Now that we have our metric down we should start tuning hyperparameters. I'll just roll the dice on a random set of hyperparameters a number of times, evaluate them using k-fold cross-validation, then pick the best model.

In [830]:
from sklearn.model_selection import KFold
kf = KFold(n_splits=5, shuffle=True, random_state=None)

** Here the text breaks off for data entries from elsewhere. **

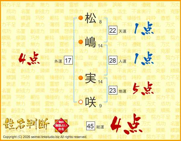 松(8画)嶋(14画) 実(14画)咲(9画)
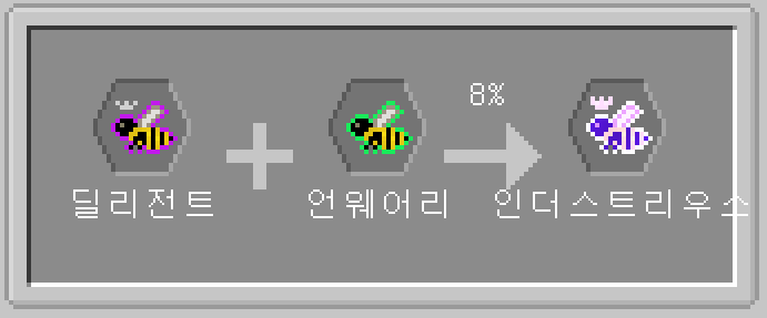 1단계와 2단계에서 각각 얻은 딜리전트와 언웨어리 벌을 교배시키면 인더스트리우스 벌이 나옵니다.
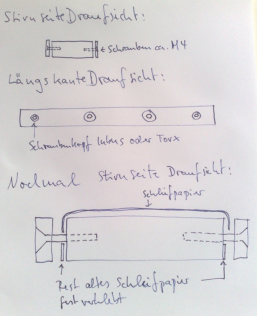 Hallo Heidjer, vielleicht könnte diese Befestigungs-Methode für das Schleifpapier funktionieren. Erstmal die Skizze:
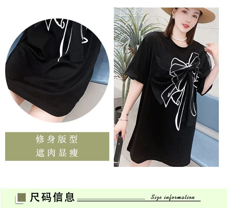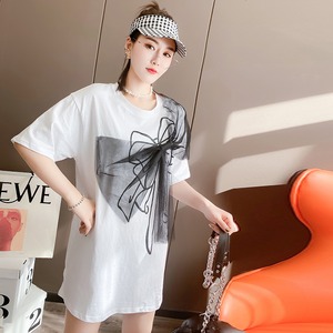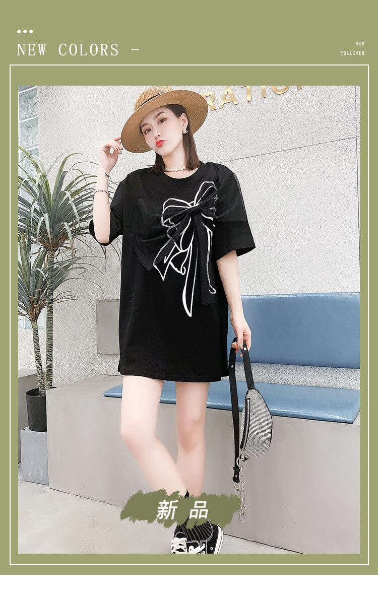 スプリングサマーラウンドネックリボン半袖スリーブTシャツ スカート ドレス ハーフスリーブ 春物 夏物 Oネック ミックスインファッション19538106397
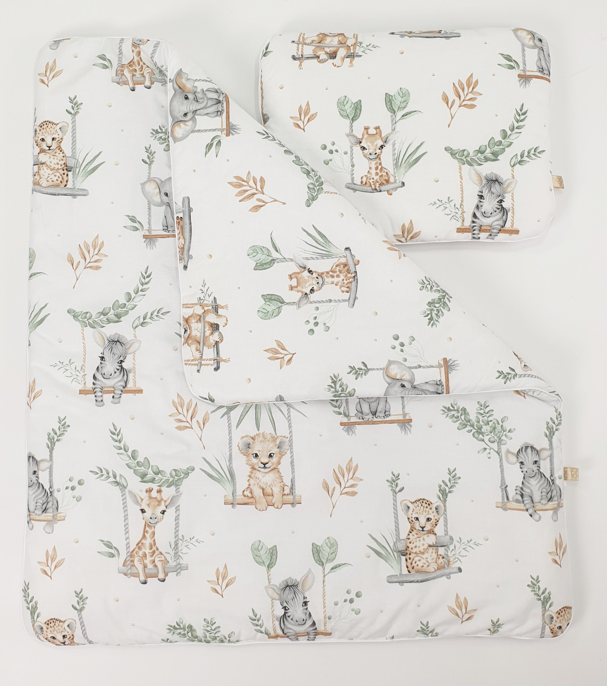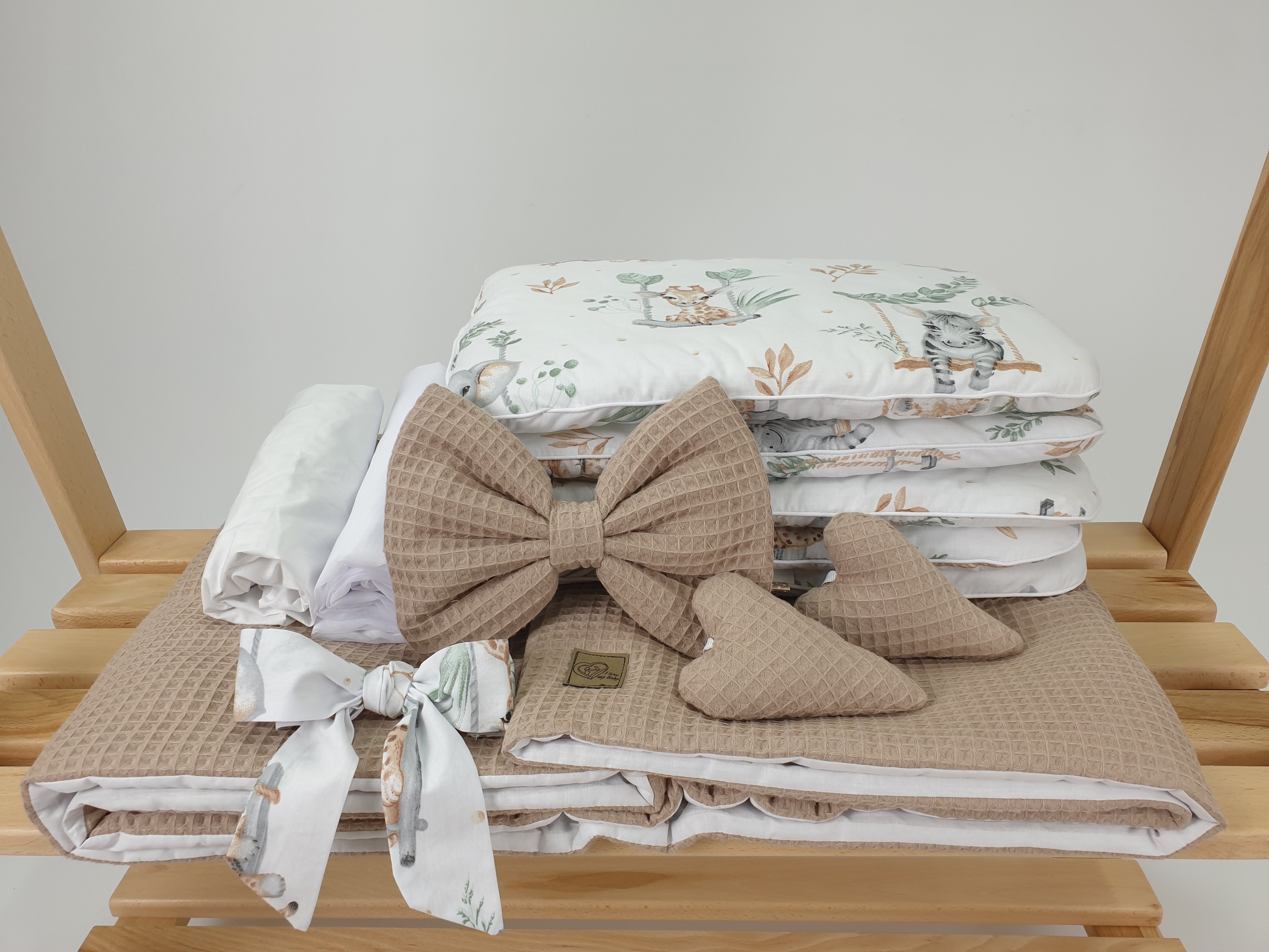 De binnenkant van de wieg is bekleed met zachte, ademende wafelkatoen in een elegante beige kleur. De dekenset is afgewerkt met een schattig safari motief - perfect voor een rustgevende en liefdevolle babykamer.
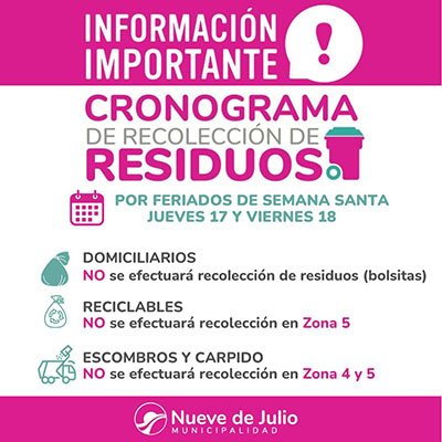 La Municipalidad de Nueve de Julio comunica que, ante los feriados de Jueves y Viernes Santo, NO se efectuará la recolección de residuos domiciliarios (bolsitas), como así tampoco NO se recolectarán productos de carpidos, poda y escombros en las Zonas 4 y 5, respectivamente, para cada una de las jornadas.
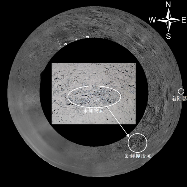 经过进一步的撞击成坑理论分析,该未知物质为撞击形成的角砾岩,可能为附近某撞击坑溅射物的撞击熔融角砾岩,可能是这个新鲜撞击坑成坑时形成的撞击玻璃凝结角砾岩。
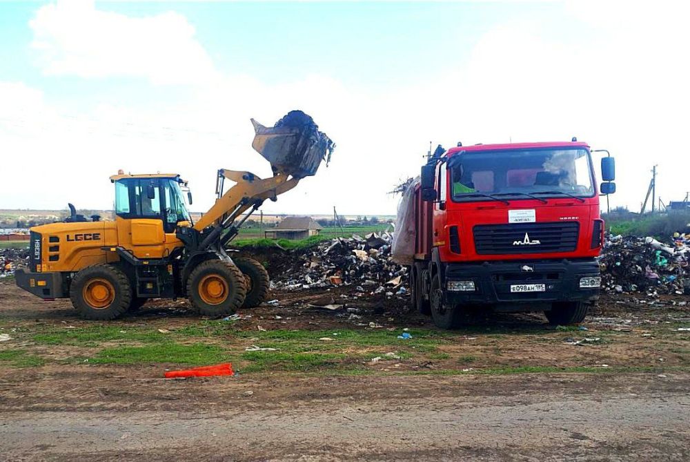 Сотрудники МУП КП «Контакт» вывозят бытовые отходы с несанкционированной свалки в селе Новониколаевка.
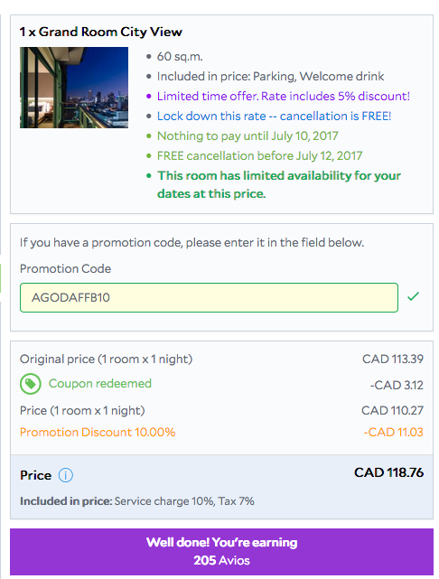 Be sure to input the code when you book online at Agoda (you must book via this link to have the code work) This code is valid until December 31, 2017
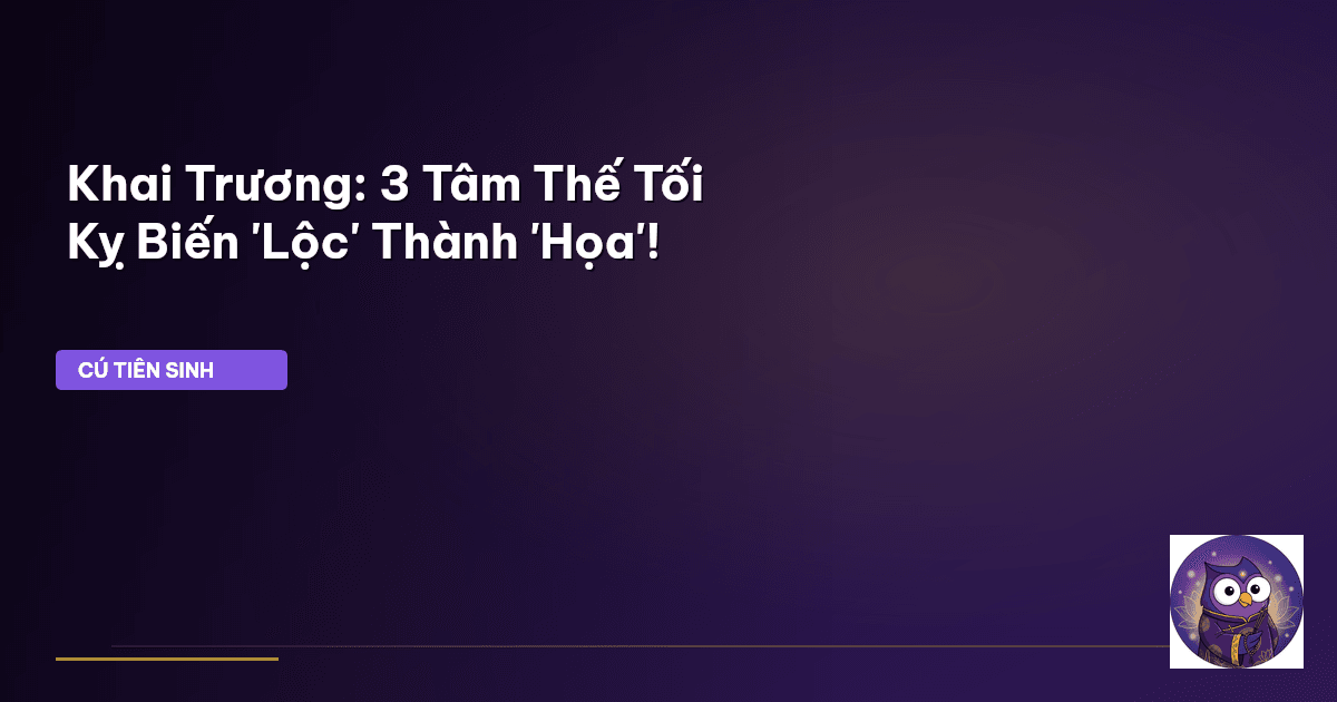 ⏱️ 12 phút đọc · 2339 từ Giới Thiệu Người xưa có câu: Vạn sự khởi đầu nan. Đối với những ai khởi sự kinh doanh, ngày khai trương không chỉ là một cột mốc quan trọng mà còn chứa đựng bao ước vọng về tài lộc hanh thông, vạn sự cát tường. Nhiều người cẩn trọng chuẩn bị lễ vật thật chu đáo, chọn ngày lành tháng tốt thật kỹ lưỡng, và đọc văn khấn thật thành tâm. Tuy nhiên, Cú Tiên Sinh nhận thấy rằng, giữa muôn vàn chuẩn bị tỉ mỉ ấy, một yếu tố cốt lõi lại thường bị bỏ quên, hoặc chỉ được coi nhẹ: đó…
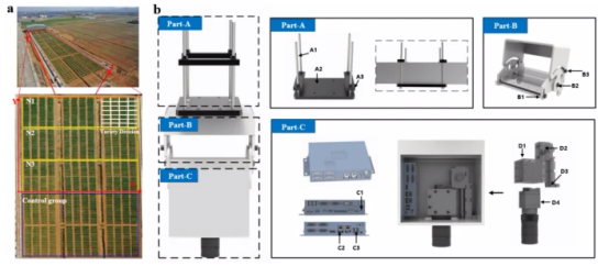 a田間移動(dòng)表型艙和小麥區(qū)劃;b RGB凍害系統(tǒng)硬件概述
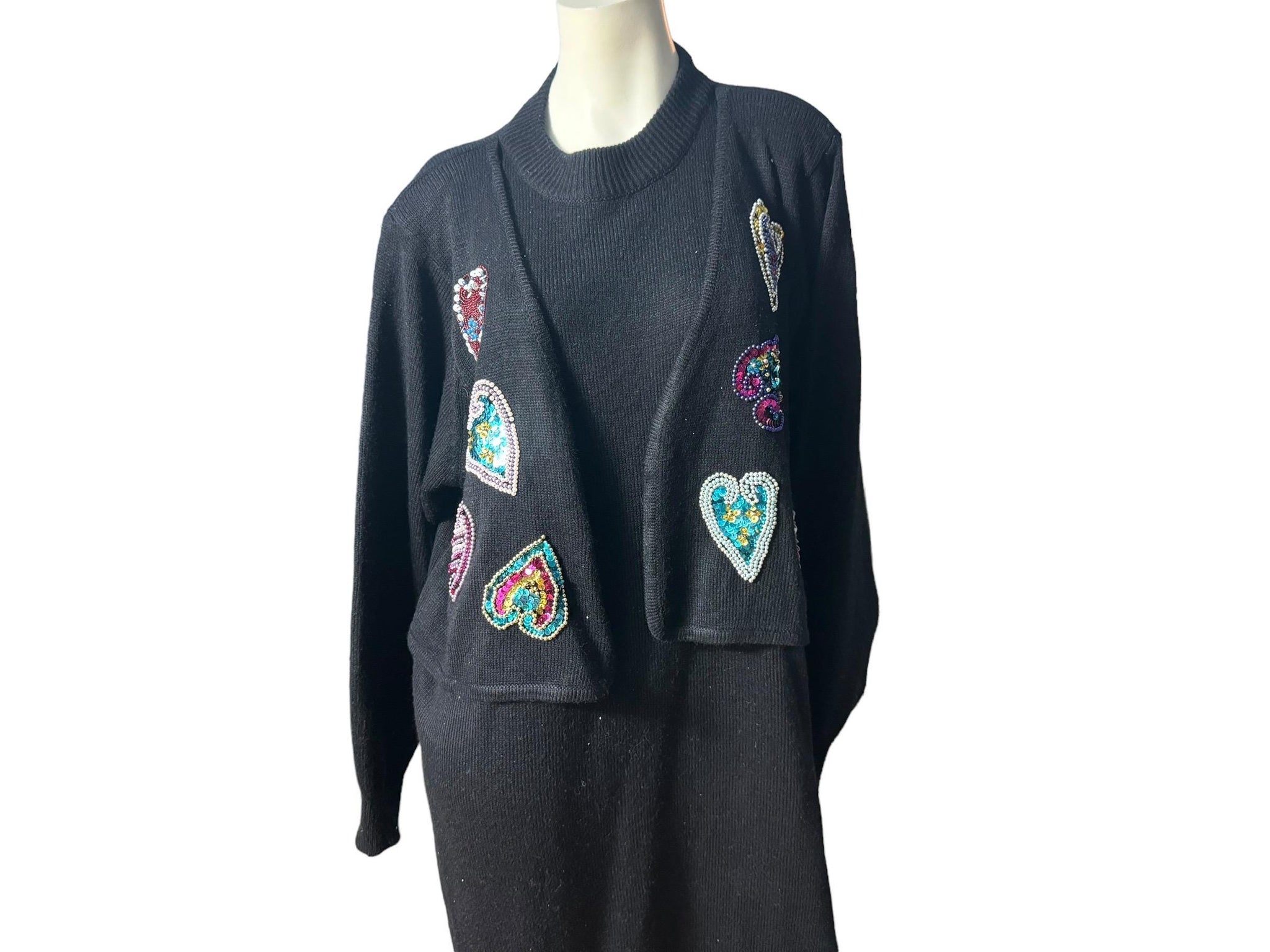 Vintage black sweater dress, tag says Darian, sz 3x, 100% acrylic. Dress is crew neck, has attached vest that has bead and sequin hearts, has shoulder pads. Dress is in great condition, measurements are
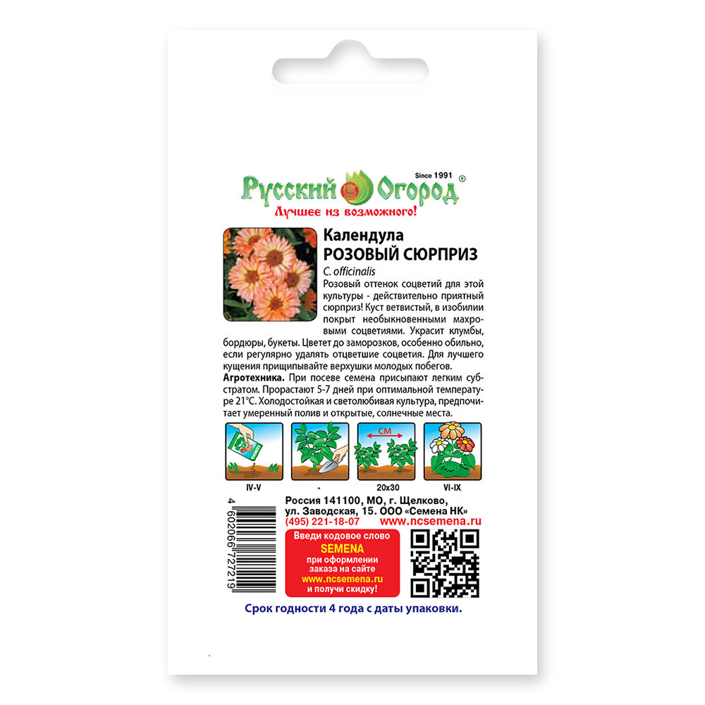 - Календула Розовый сюрприз (Гавриш), 0,5 г обзор 00001404 бренд Гавриш производитель Гавриш (Россия)

best_hyperparameters = None
best_tpr = 0
X = sp.sparse.vstack([X_train_sparse, X_val_sparse]).todok()
y = np.concatenate([y_train, y_val], axis=0)

for _ in range(100):
    # Pick hyperparameters
    C = 10**np.random.uniform(-2,2)
    spam_weight = np.random.uniform(0.5, 10)
    penalty = np.random.choice(["l1", "l2"])
    # Instantiate, train, and evaluate model using k-fold CV
    tpr_list = []
    for train_idx, val_idx in kf.split(X):
        temp_model = LogisticRegression(penalty=penalty, C=C, solver="liblinear", class_weight={0:1, 1:spam_weight})[train_idx], y[train_idx])
        fpr, tpr, thresh = evaluate_model(temp_model, X[val_idx], y[val_idx])
    if np.mean(tpr_list) > best_tpr:
        best_tpr = np.mean(tpr_list)
        best_hyperparameters = (C, spam_weight, penalty)
        print("Model {}: FPR={:.3e}, TPR={:.3f}\u00B1{:.3f}, thresh={:.3f}".format(_, fpr, best_tpr, 2*np.std(tpr_list), thresh), end="\n")
Model 0: FPR=9.174e-03, TPR=0.849±0.069, thresh=0.921
Model 2: FPR=9.335e-03, TPR=0.859±0.070, thresh=0.532
Model 17: FPR=9.259e-03, TPR=0.860±0.041, thresh=0.774
Model 87: FPR=5.807e-03, TPR=0.866±0.052, thresh=0.633
Model 94: FPR=8.226e-03, TPR=0.873±0.056, thresh=0.679
In [870]:
C, spam_weight, penalty = best_hyperparameters
model[2] = LogisticRegression(penalty=penalty, C=C, solver="liblinear", class_weight={0:1, 1:spam_weight})
model[2].fit(X_train_sparse, y_train)
print("C={:.2e}, spam_weight={:.2f}, penalty={}".format(*best_hyperparameters))
for FPR_max in [1/2, 1/10, 1/100, 1/1000]:
    print("Test set: FPR={:.4f}, TPR={:.3f}, threshold={:.3f}".format(*evaluate_model(model[2], X_test_sparse, y_test, FPR_max=FPR_max)))
C=9.16e-01, spam_weight=3.00, penalty=l1
Test set: FPR=0.4864, TPR=0.988, threshold=0.013
Test set: FPR=0.0964, TPR=0.938, threshold=0.104
Test set: FPR=0.0042, TPR=0.825, threshold=0.857
Test set: FPR=0.0000, TPR=0.750, threshold=0.964

We have a recall of 82.5% and a false positive rate of <1% on the test set (which has been completely blinded up until this point). Looking around for other studies/implementations to benchmark against, I found this study, which compared several spam filtering techniques. For comparison, our constraint of max FPR of 1/100 would be roughly comparable to one of their models with parameter $\lambda = 100$ (this comparison falls apart for $\lambda\sim 1$). The value of $\lambda$ can be understood as the relative cost of misclassifying ham as spam vs misclassifying spam as ham - it is $\lambda$ times worse to make a false positive identification than a false negative. As we can see from their Table 1, our logistic regression model outperforms all the models they considered with regards to spam recall (TPR) for equivalent values of $\lambda$.